My eyebrow raises slightly. Lorna is one of the names on the schedule I found in the kitchen.
The Hispanic woman — Lorna — raises her free hand in surrender. “Okay, okay. More sugar. I’ll be right back.” She heads inside the house.
So the schedule is a list of… attendants? I think for a moment, trying to recall what this kind of person is referred to as here. Caregiver. That’s it. The people on the list must be the ones who watch over the old woman while Kane is gone. Which must mean he comes home every night to take over.

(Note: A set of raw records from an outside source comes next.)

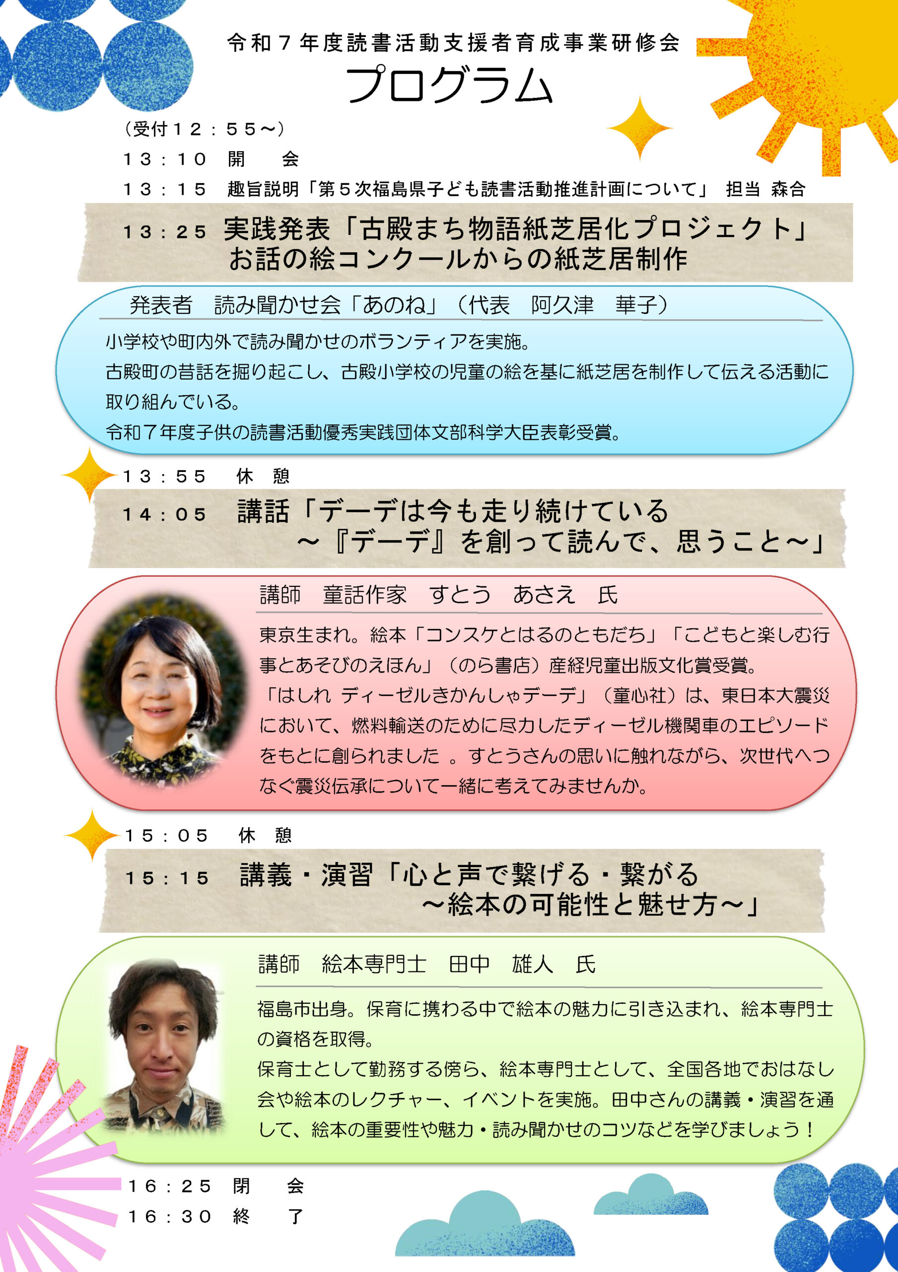 1,令和7年度ふくしまの未来をひらく読書の力プロジェクト 読書活動支援者育成事業 県中地区 研修
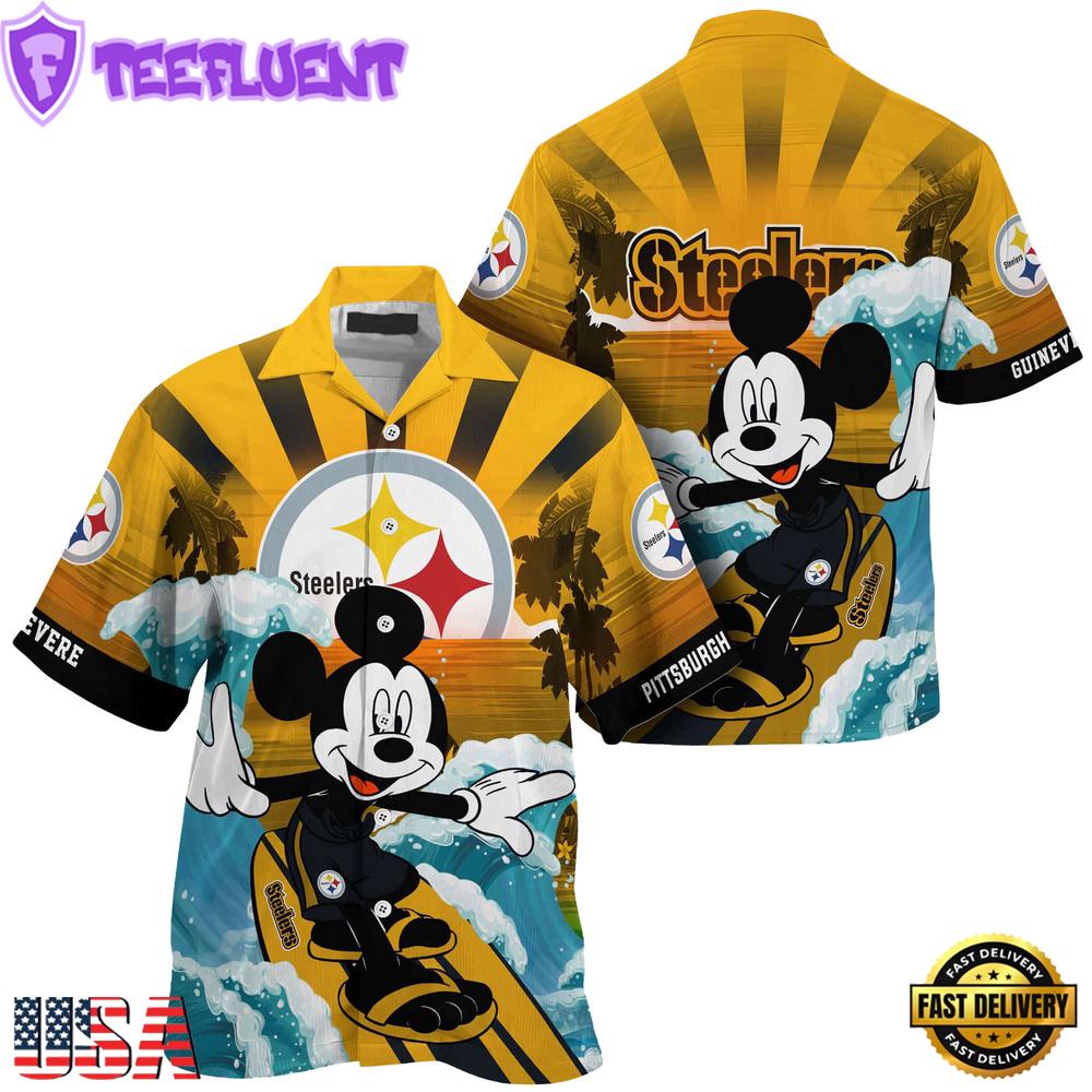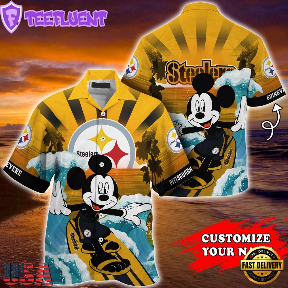 Photos Of NFL Pittsburgh Steelers Mickey Mouse Surfing Custom Name Summer Hawaiian Shirt
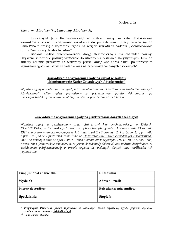 Kielce, dnia Szanowna Absolwentko, Szanowny Absolwencie, Uniwersytet Jana Kochanowskiego w Kielcach mając na celu dostosowanie kierunków studiów i programów kształcenia do potrzeb rynku pracy zwraca się do Pani/Pana z prośbą o wyrażenie zgody na wzięcie udziału w badaniu „Monitorowanie Karier Zawodowych Absolwentów”. Badanie będzie przeprowadzone drogą elektroniczną i ma charakter poufny. Uzyskane informacje posłużą wyłącznie do utworzenia zestawień statystycznych. Link do ankiety zostanie przesłany na wskazany przez Panią/Pana adres e-mail po uprzednim wyrażeniu zgody na udział w badaniu oraz na przetwarzanie danych osobowych*. Oświadczenie o wyrażeniu zgody na udział w badaniu „Monitorowanie Karier Zawodowych Absolwentów” Wyrażam zgodę na / nie wyrażam zgody na** udział w badaniu „Monitorowanie Karier Zawodowych Absolwentów”, które będzie prowadzone za pośrednictwem poczty elektronicznej po 6 miesiącach od daty ukończenia studiów, a następnie powtórzone po 3 i 5 latach. ……………………………………… Oświadczenie o wyrażeniu zgody na przetwarzania danych osobowych Wyrażam zgodę na przetwarzanie przez Uniwersytet Jana Kochanowskiego w Kielcach, 25 – 369 Kielce, ul. Żeromskiego 5 moich danych osobowych zgodnie z Ustawą z dnia 29 sierpnia 1997 r. o ochronie danych osobowych (art. 23 ust. 1 pkt 1 i 2 oraz ust. 2; Dz. U. nr 133, poz. 883 z późn. zm.) w celu przeprowadzania badania „Monitorowanie Karier Zawodowych Absolwentów” (art. 13a ustawy z dnia 27 lipca 2005 r. Prawo o szkolnictwie wyższym, Dz. U. Nr 164, poz. 1365, z późn. zm.). Jednocześnie oświadczam, że jestem świadoma/y dobrowolności podania danych oraz, że zostałam/em poinformowana/y o prawie wglądu do podanych danych oraz możliwości ich poprawiania. ………………………………………….. Imię (imiona) i nazwisko: Nr albumu: Wydział: Adres e – mail: Kierunek studiów: Rok ukończenia studiów: Specjalność: Stopień: * Przysługuje Pani/Panu prawo wycofania w dowolnym czasie wyrażonej zgody poprzez wysłanie oświadczenia na adres: [email protected] ** niewłaściwe skreślić
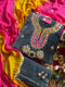 Mirror work crushed velvet grey suit set with gotta work and pure chiffon dupatta
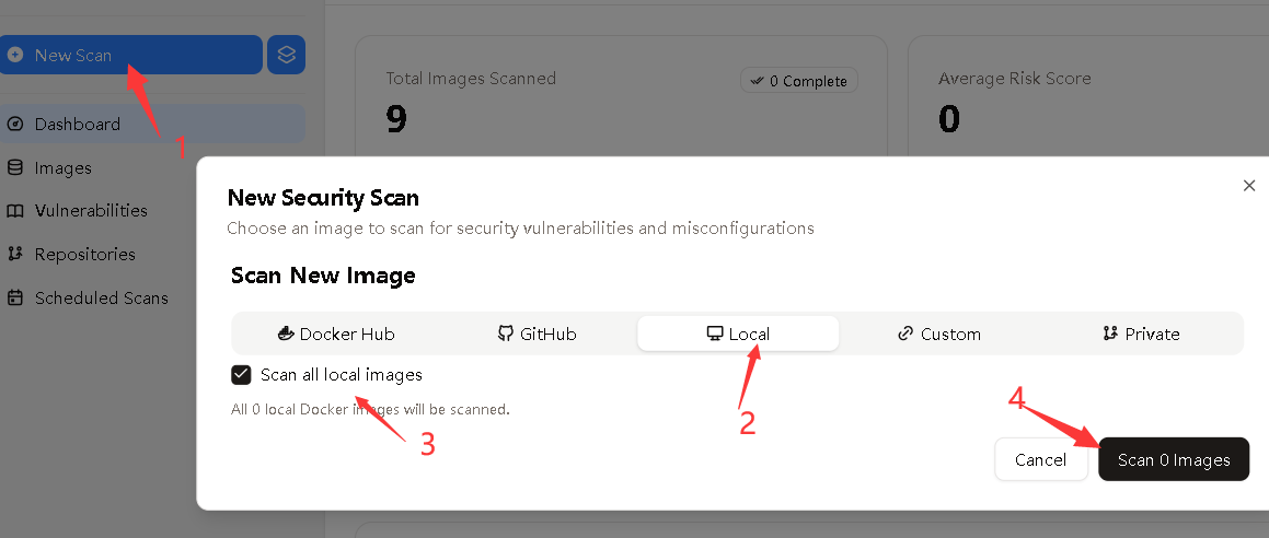 - 一站式集成 Trivy、Grype、Syft、Dockle、OSV Scanner、Dive 6 大安全工具
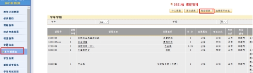4.实践类课程不显示在班级课表中,在按照班级课表选课完成之后,再次打开个人教学计划(图1)查看并选择实践模块的课程。
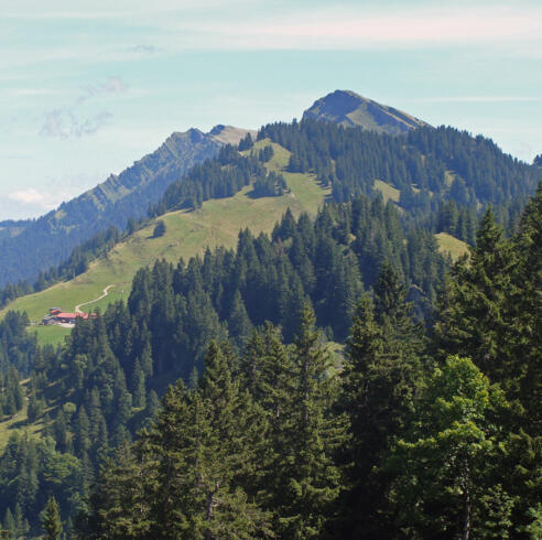 Eindrucksvoll ist auch der Blick nach Osten entlang der Nagelfluhkette. Er führt direkt zum höchsten Punkt, dem Hochgrat (1.834 m). Auf dem Hochhäderich steht man direkt auf der Grenze zwischen Österreich und Deutschland.
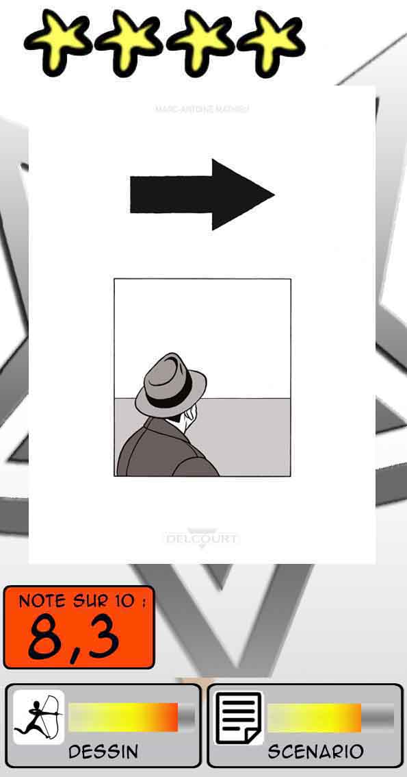Rien que pour le soin apporté à l’édition, je ne peux que relever ma note. Le tirage a été complètement adapté à la thématique (le sens, illustré par la flèche), et comme l’histoire est muette, les rares caractères vont jusqu’à se diluer, en incrustation discrète sur la couverture ou convertis en cryptogrammes fléchés sur la page d’introduction, seule concession à l’alphabet latin. On a ainsi entre les mains un objet étrange, à la blancheur candide, qu’on pourrait définir comme une BD oubapienne doublée d’un superbe livre d’art graphique.
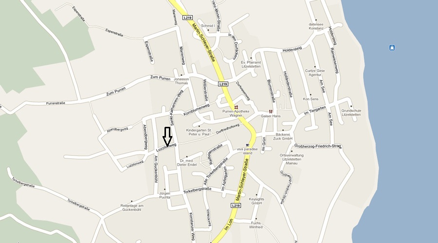 Wenn man – von Dingelsdorf aus – nach Litzelstetten kommt, biegt man kurz nach Ortsbeginn rechts in die erste Querstraße „Zum Purren“ ab. Die zweite Querstrasse links ist dann der „Kornblumenweg“. In diesen biegt man ein und fährt dann gleich nach 10 m wieder rechts ab in den „St. Katharinenweg“. Die zweite Querstrasse rechts ist der „Luzzilonweg“.
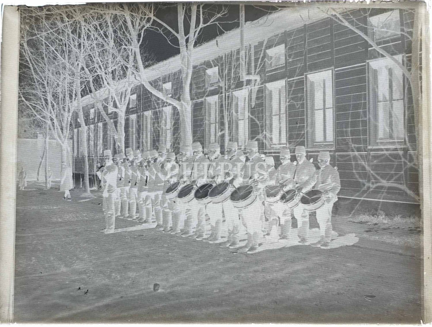 Osmanlı askeri bando takımının hatıra fotoğrafının cam negatifi, 12x9 cm...
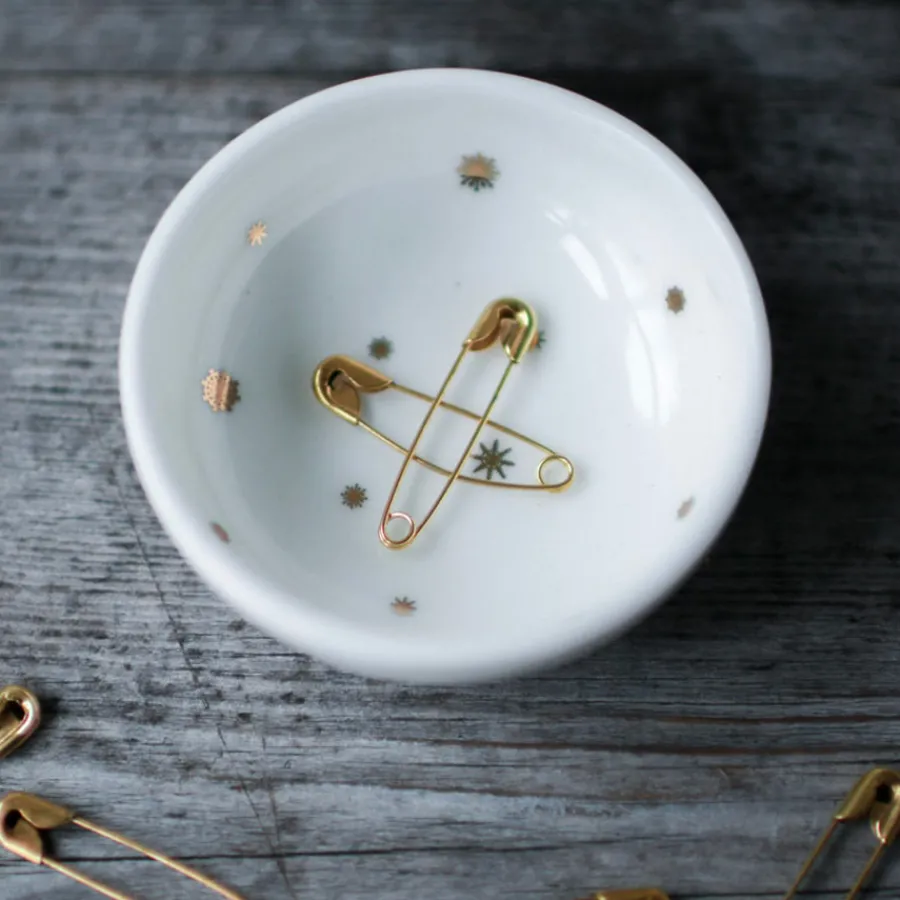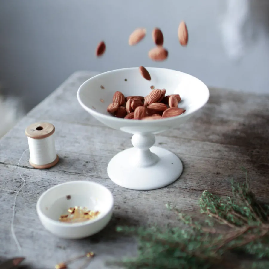 Liten bolle på 6 cm fra Wik & Walsøe og den eventyrlige serien Stjernedryss. Den flotte serien har fått sine dekorelementer fra den enkle og rene stjernehimmelen som skinner på en stille vinternatt. Skålen kan brukes som vakker dekor, til oppbevaring av smykker eller som en liten serveringsskål til konfekt.
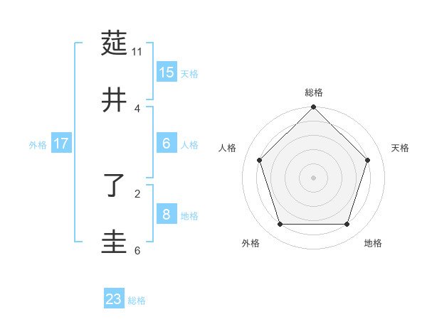 莚井 了圭さんの総格は23画の5点!
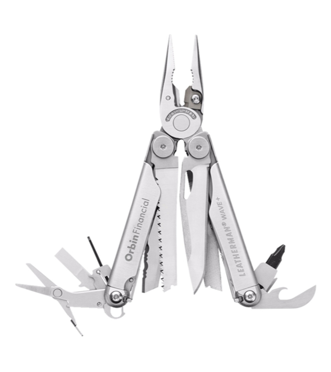 The Leatherman® Wave® is a multifunction tool featuring pliers, wire cutters, scissors, a bit driver, and more. With 18 useful tools in one, all of which lock for safety, this powerful compact gift reminds special customers and employees they can rely on your business. 18-function compact tool All-locking for safety Stainless steel Easily operated with one hand Includes Nylon sheath Includes: Needle nose and regular pliers, premium replaceable wire cutters, premium replaceable hard-wire cutters, wire stripper, electrical crimpers, 420 HC serrated knife, spring-action scissors, saw, ruler, wood/metal and diamond-coated file, bottle and can opener, large and small bit driver, medium screwdriver Made in USA Laser engraved for a permanent impression Item size: 4″ W x 1.5″ H x 0.75″ D Imprint area: Both Sides: 1.375″ W x 0.25″ H Imprint:Both Sides: 2 lines / 14 characters per line Applicable charges: $55.00 set up charge per location $0.65 per pc per additional location
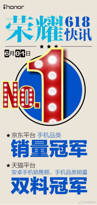 6月2日凌晨,京东官方公布了2017年京东618开幕首日手机品类(6月1日)竞速榜单排名,其中荣耀手机勇夺京东手机品类销量冠军、天猫平台安卓手机销售额+手机品类销售量双料冠军。荣耀在618开幕第一天,就凭借一贯累积的消费者口碑及品质驱动的消费者购买力印证了自己的实力,为2017年618年中大促创下了良好的开端。
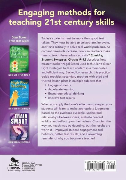 Engaging methods for teaching 21st-century skills Today's students must be able to collaborate, innovate, and think critically to solve real-world problems. As content demands increase, how can teachers make time to teach these advanced skills? Find practical solutions in the story of how master teacher Nigel Scozzi used Rich Allen's Green Light strategies to teach content in a memorable and efficient way. Backed by research, this practical guide provides secondary teachers with tried and trusted lesson plans in multiple subjects that: Engage students Accelerate learning Encourage critical thinking Improve test results ·
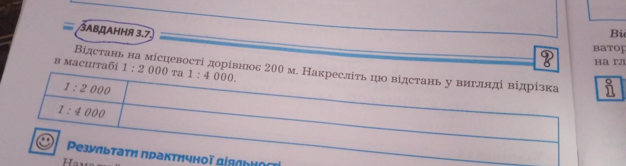 так як в нас подана відстань на місцевості в метрах на потрібно буде перевести метри в сантиметри це в нас вийде 20000 см і що б знайти скільки сантиметрів нам потрібно накреслити треба відстань на місцевості поділити на масштаб тобто 2000 і так в нас вийшло 10 см
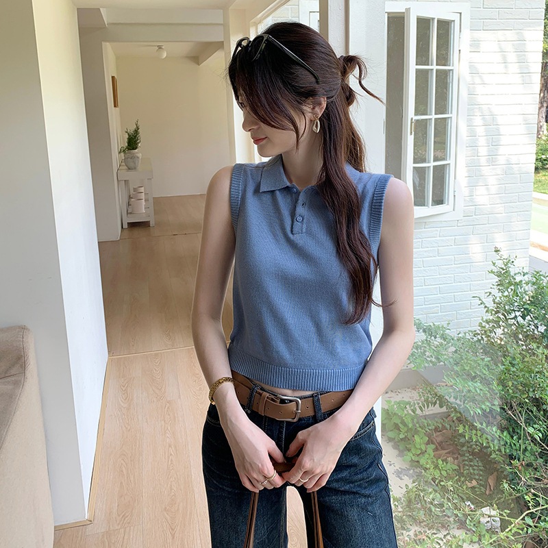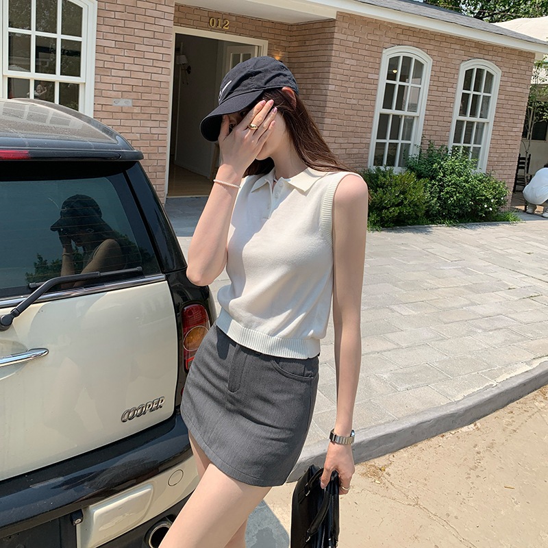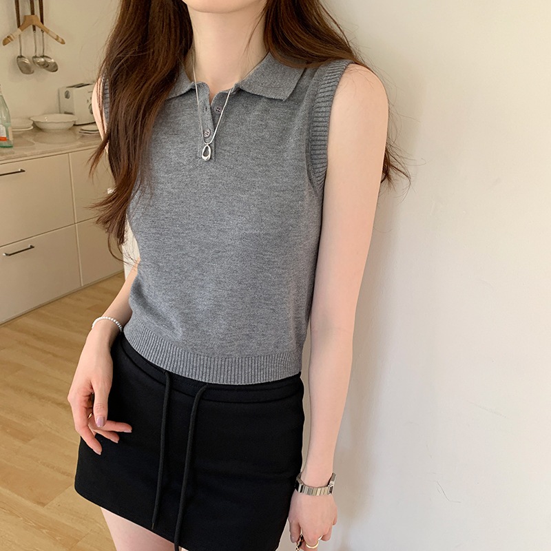 3色韓国衆灰色polo襟袖なしウールニット女性夏新型独特なシングルは上着を着ます
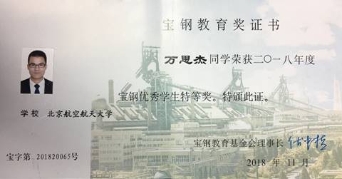 万思杰一直是品学兼优的典型。截至目前,其以第一作者身份在PNAS,Adv. Mater., ACS Nano, Adv. Funct. Mater.等国际知名期刊发表10篇Q1区SCI论文,影响因子之和为133.248,论文被引用559次,部分成果被《人民日报》头版等知名媒体广泛报道。同时,他还担任学院博士高年级党支部书记和BY14271博士班的班长,也是北航研究生“成才表率”先进事迹分享会讲师。先后获得北航博士研究生十佳、国家奖学金、卓越学术基金、工信部创新奖学金二等奖、研究生优秀科技创新团队校长奖学金等荣誉。此次获得宝钢优秀学生特等奖与万思杰同学一贯的刻苦努力以及学院的大力培育是分不开的。
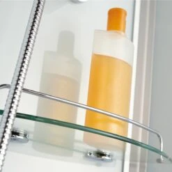 Une grande cabine de douche rectangulaire complète avec un élément fixe en verre en façade à droite (porte ouvrant à gauche). Assemblage facile et rapide grâce au système de clic pratique sans joints en silicone. Fini tout autour avec du verre de sécurité transparent de 5 mm d’épaisseur pour un nettoyage facile. Parois arrière en verre de sécurité vert clair de 4 mm d’épaisseur avec un mitigeur dans l’angle et un ensemble de douche réglable en hauteur et une étagère.

Without looking, I reach for the wall to steady myself so that I can lean out and get a look at the front door, but I misjudge the distance and my palm knocks into it harder than I expect it to. The sound isn’t loud, and when the old woman starts turning in her chair, I assume she’s easing an ache, but she twists all the way around until she is looking directly at me. I hold as still as possible, hoping her ancient eyes are not strong enough to pick out the part of my head sticking around the house. Her blank expression seems to confirm this is the case at first, but then suddenly her lips curl in a smile and I can’t help but think that it’s aimed at me.
My hand automatically moves into my satchel and finds the combination of buttons that will trigger an emergency escape, but there’s something about her face that keeps me from pushing anything yet. Maybe it’s the intelligence burning in her eyes, or maybe it’s the fact that I can see some of Kane in her. Whatever the case, I’m unable to figure it out before the groan of a hinge signals the door opening again.
The old woman turns back around as Lorna returns. I listen, sure that she is going to say something about seeing me, but instead she takes the glass, gives the lemonade another taste, and says, “Now, that’s better.”
I back out of sight and pull my chaser out. Instead of hitting the escape combination, I select the locator number for the living room of my apartment and a time that will put me there not long before Iffy and Ellie arrive home from lunch.
As much as I would like to conduct a more thorough search of Kane’s home, I would be a fool to do so when someone else is here, which, from the looks of things, might be all the time.
The only thing I can do for now is go home.
CHAPTER SIX
As planned, I’m waiting in the apartment when Iffy and Ellie walk in. Immediately I notice dark circles under my sister’s eyes. Though it isn’t even midafternoon yet, it’s been the busiest day Ellie’s had in a while, and it’s clearly taken a lot out of her. I mentally kick myself for adding the lunch onto our schedule. It was obviously a bad idea.
“Are you feeling okay?” I ask her.
“I’m fine,” she says with more energy that I’m sure she feels. “Did you find out who the man was?”